Preprocessing Before JPEG Compression

JPEG is the most common format for saving pictures. JPEG is a LOSSY format, which means some of the information is lost after compression.

Abstract
JPEG is the most common format for saving pictures. JPEG is a LOSSY format, which means some of the information is lost after compression.
If compressing with low quality JPEG, distortions appear in the image. The reason is that the high frequencies in the picture are lost and therefore mainly edges are affected.
This project aims to reduce the side affects of JPEG. The way suggested is to preprocess the image before compressing and to save some of the information in a separate file, such that the picture compressed has less edges than the original picture.

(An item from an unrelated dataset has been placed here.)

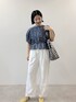 今年注目のシャーリングディテールをあしらったブラウスを主役にコーディネートを組みました◎この色だけデニム素材ですが、少し透け感があるデニムなのでとっても軽くて暑い夏も着られそうです✨バッグと色味を合わせて、素材を際立たせました!
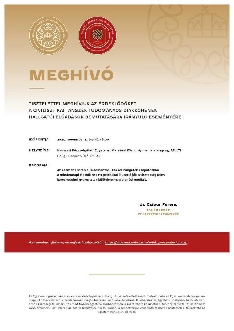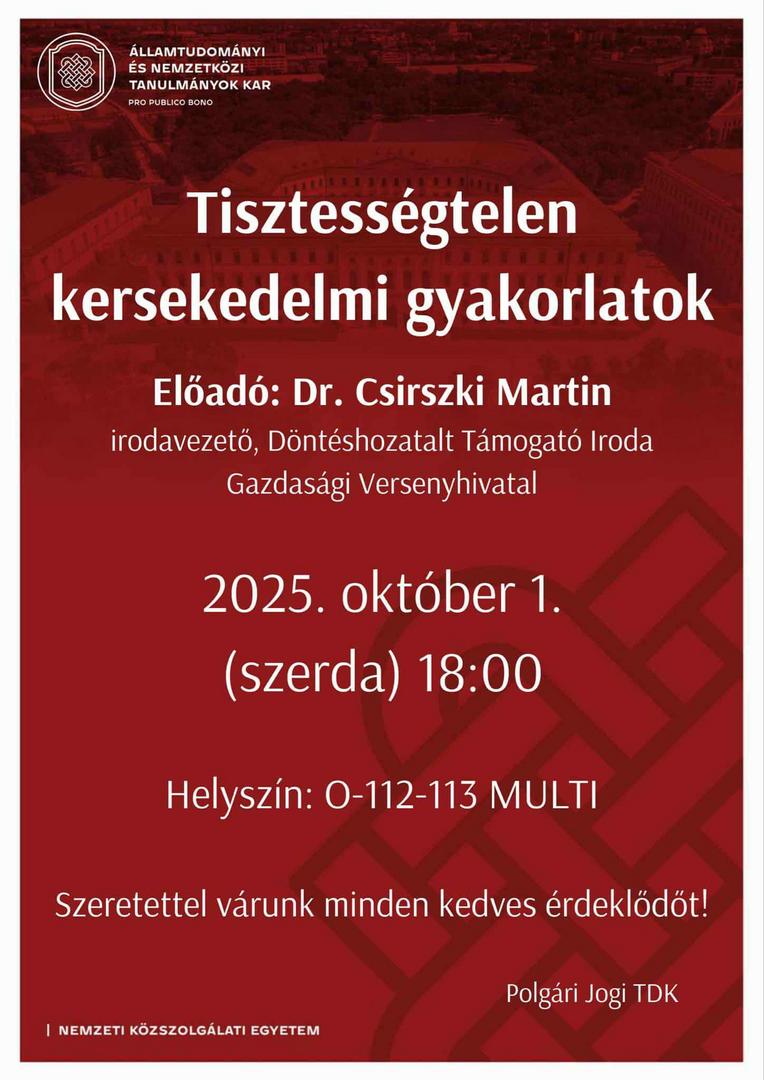 2025. október 1-jén tartotta meg a Polgári Jogi Tudományos Diákkör a félév első nyilvános eseményét. Vendégelőadóként Dr. Csirszki Martin (Gazdasági Versenyhivatal Döntéshozatalt Támogató Iroda irodavezetője) tartott előadást „Tisztességtelen kereskedelmi gyakorlatok” címmel.

In the process of reconstruction both files will be used to rebuild the original image.

Initial Algorithm
The whole process deals with only gray-scale images.
The algorithm suggested works the following way:

Compressing

Divide the picture to blocks 8*8. The picture is divided that way because JPEG works this way. When dealing with blocks that size, it is most likely there are only one or two main levels of intensity in the block. There are two main levels if the block contains an edge, and only one level if the block doesn’t contain an edge
For each block, it is determined whether the block contains one or two main levels of intensity in the following way:

1. Set a parameter threshold
2. Operate max-lloyd algorithm with two intensity levels on the block
3. Check if the absolute difference between the two levels is bigger than the threshold. If yes, there are two main levels of intensity. If not there is one main level of intensity, the mean value of the block

Create a binary block with the one or two levels of intensity. A binary block corresponding to a block without an edge will have one level of intensity, while a binary block corresponding to a block with an edge will have two levels of intensity as determined by Max-Lloyd algorithm. After having this process for each one of the blocks, a “multi-binary” picture is created
Subtract the multi-binary picture from the original, to get a “difference picture”. This picture has fewer edges that the original picture
Compress the multi-binary image with PNG (lossless compression). Compress the difference picture with JPEG compression
Note: the parameter threshold has a crucial effect. Small threshold à more blocks will have two levels of intensity in the binary picture and more edges are detected. Big threshold à less blocks have two levels of intensity and less edges are detected

Reconstruction
Open the compressed difference picture, and add to the multi-binary picture.

Demonstration

Difference block

Multi-binary block

Original block

Results
Threshold is set to 60

a. size of files vs. quality b. MSE vs. quality
The size of files (Multi-binary+Differences) is bigger than the single JPEG picture.
The MSE is bigger than with JPEG.
According to the results our algorithm is worse than JPEG in all aspects.
One of the assumptions was that the edges are clear, one pixel clearly belongs to one object and another to the other object. However, it is usually not so. Usually in photographs there is an edge that consists of one-two pixels with intermediate values. Those pixels will have values different from their surrounding in the differences picture. Therefore the JPEG compression does not work well for the differences picture.
The goal is to change the multi-binary picture such that it will be closer to the original picture.

Improved algorithm

After acquiring the multi-binary picture, operate a LP algorithm so the edges are less clear. Then subtract it from the original image. Now the multi-binary after LP picture is closer to the original picture, therefore the differences picture is smoother
The LP algorithm: for each block of the multi-binary picture, filter it with several LP filters and compute the absolute mean error between the filtered binary block and the original block. The filter that minimized the error is chosen
Save the multi-binary picture (before filtering), the differences picture, and a weights file

Reconstruction
Filter the multi-binary picture according to the weights file. Then add the differences picture.

Demonstration

Original picture

Multi-binary picture

Differences with initial algorithm

Differences with improved algorithm

Results

a. size of files vs. quality b. MSE vs. quality

a. The size of files (Multi-binary+Differences) is bigger than the single JPEG picture.
b. The MSE is smaller than with JPEG for small quality.

Conclusion
After improving the algorithm the results are still not satisfying.
When the quality of JPEG compression is high, our algorithm is limited with the improvement it can afford.
When the quality of JPEG compression is low, the size of file using regular JPEG compression is very small thus the files in our algorithm are much bigger.
It is hard to find cases in which our algorithm is better than JPEG comparing size of file – MSE.

Acknowledgement
We would like to thank Ari Shenhar for supervising this project. Our acknowledgement goes also to the laboratory staff and to the Ollendorff Minerva Center for their support.